Gerade komme ich zurück von einem Besuch bei der einheimischen lutherischen Kirche (ILCO). Ich hatte den Präsidenten der Kirche, Gilberto Quesada auf einer Konferenz bei Brot- für- die- Welt getroffen, und er hatte mich eingeladen. Heute Vormittag hat er mich abgeholt (mein Dienstwagen ist ja noch in Reparatur). Ein kleiner, agiler, sympathischer Mensch Ende fünfzig. Er spricht keine Sprachen außer Spanisch. Also haben wir uns auf Spanisch unterhalten. Das übt am meisten! Er hat mich gefragt, welche Sprachen ich spreche. Und ich habe geantwortet, dass ich z.B.  Schwedisch spreche.

Als wir kurz davor sind, auf das Grundstück des Kirchenzentrums zu fahren, winkt der Präsident aus dem Auto heraus einem vorbeigehenden Menschen zu. Wie sich herausstellt, ist es einer der kirchlichen Mitarbeiter, der auf dem Weg zur Lunch-Pause ist. Der Präsident bedeutet dem Mitarbeiter, dass er mit mir Schwedisch sprechen könne. Und das  tun wir auch. Ich bin verblüfft, wie hervorragend dieser Tico (Selbstbezeichnung der Costaricaner) Schwedisch spricht und erfahre von ihm, dass er mehrere Jahre in Schweden gelebt hat….

Aber davor ist noch dies passiert: Bevor wir am Kirchenzentrum eintreffen, haben wir einen der ärmsten Stadtteile von San José besucht. mit hohem Anteil an Kriminalität, Drogenhandel und Prostitution. Hier war der Präsident viele Jahre als Pastor tätig, bevor er vor zwei Jahren zum Präsidenten seiner Kirche gewählt wurde. Wir haben einen Gemeinde-Kindergarten besucht, in dem eine Jugendliche, Berit  aus Deutschland  arbeitet. Die ILCO bietet für die „Internationalen Evangelischen Freiwilligendienste (IEF)“ Einsatzplätze an. Die Jugendlichen bekommen die Möglichkeit, für ein Jahr in der Kiundertagesstätte „casa abierta (offenes Haus)“  mitzuarbeiten, Die Kinder in der casa abiertawaren natürlich hinreißend….

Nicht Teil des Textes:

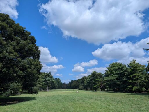 暑くなければ、広い芝生広場で走り回ったりボール遊びするのも楽しい。9月だけどまだ夏の雲。
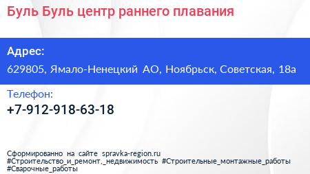 Буль-Буль, центр раннего плавания по адресу 629805, Ямало-Ненецкий АО, Ноябрьск, Советская, 18а в дальнейшем Организация, размещена в следующих категориях:
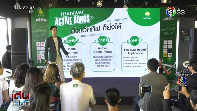 ต่อยอดความสำเร็จนวัตกรรมประกันภัยจากประกันรถ เปิด-ปิด สู่ประกันสุขภาพ Thaivivat Active Health ยิ่งออกกำลังกาย เบี้ยยิ่งลด สูงสุดถึง 40% โดยใช้ Wearable เทคโนโลยี พร้อมจับมือกับแบรนด์สุขภาพชั้นนำ มอบสิทธิประโยชน์ให้แก่ลูกค้าประกันสุขภาพแบบ Exclusive ทั้งเรื่องอาหาร การออกกำลังกาย และกิจกรรมด้านสุขภาพที่จะจัดขึ้นตลอดทั้งปี ผ่านแคมเปญ “ Active Bonus ยิ่ง ACTIVE ก็ยิ่งได้” พร้อมดึงพรีเซนเตอร์ อาเล็ก ธีรเดช เปิดมุมมองด้านสุขภาพ เชิญชวนคนไทยหันมาดูแลสุขภาพที่ดีในทุกมิติ
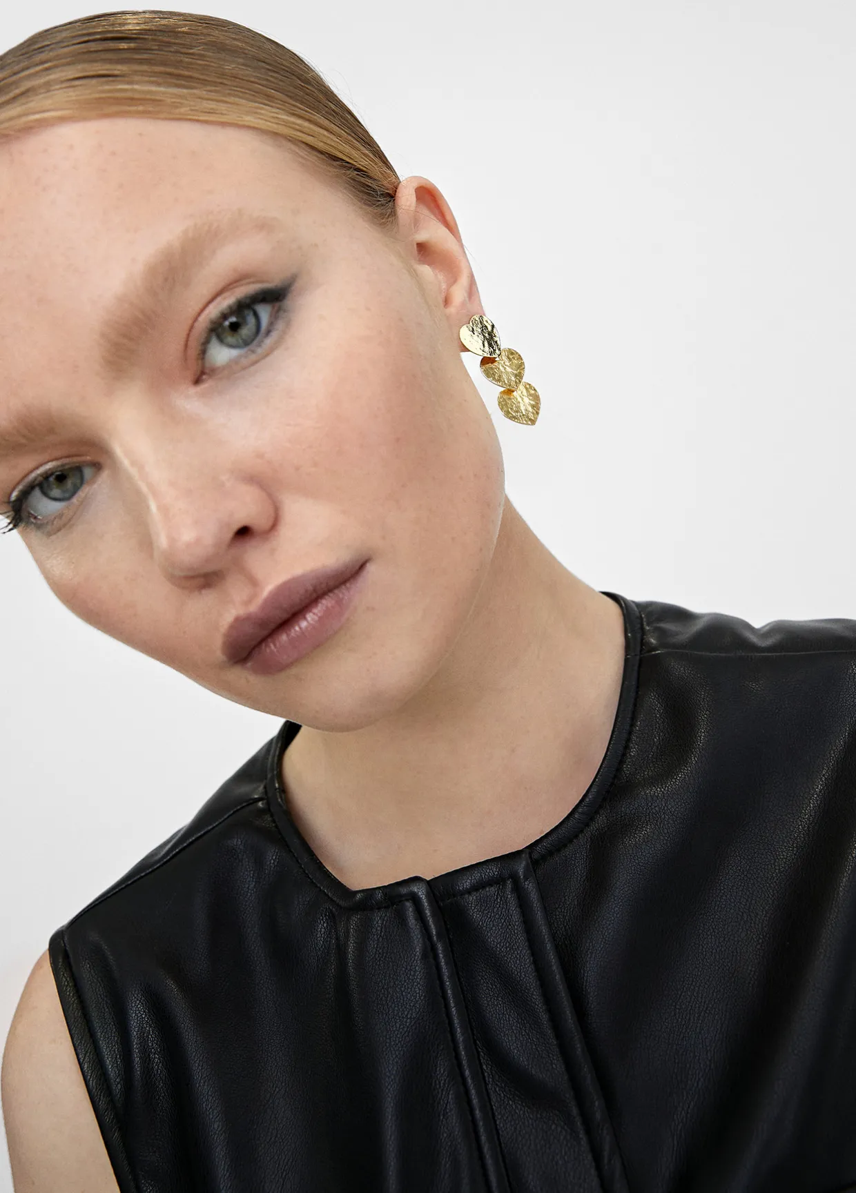 Pendientes de triple corazón dorados y semigrabados.

Das Kirchenzentrum ist ein für mich überraschend großer Gebäudekomplex. Alles eben-erdig. In der Mitte ein großer offener Raum mit erhöhtem Betonsockel: Der Ort, wo die Gottesdienste bei besonderen Anlässen und vielen Besuchern stattfinden. Ansonsten gibt es einen kleinen, geschlossenen  Gottesdienstraum, verschiedene Gruppen- und Besprechungsräume und mehrere Büros der MitarbeiterInnen. Für Jugend und Frauen, für Gerechtigkeit in der indigenen Bevölkerung, Für diakonisch-seelsorgliche Betreuung vom Migranten (vor allem aus Nicaragua) u.a. sowie Büros für Verwaltung und Finanzen. Der Präsident  wird vom Pfarrkonvent für (nur) drei Jahre gewählt – mit der Möglichkeit der Wiederwahl für nochmals drei Jahre.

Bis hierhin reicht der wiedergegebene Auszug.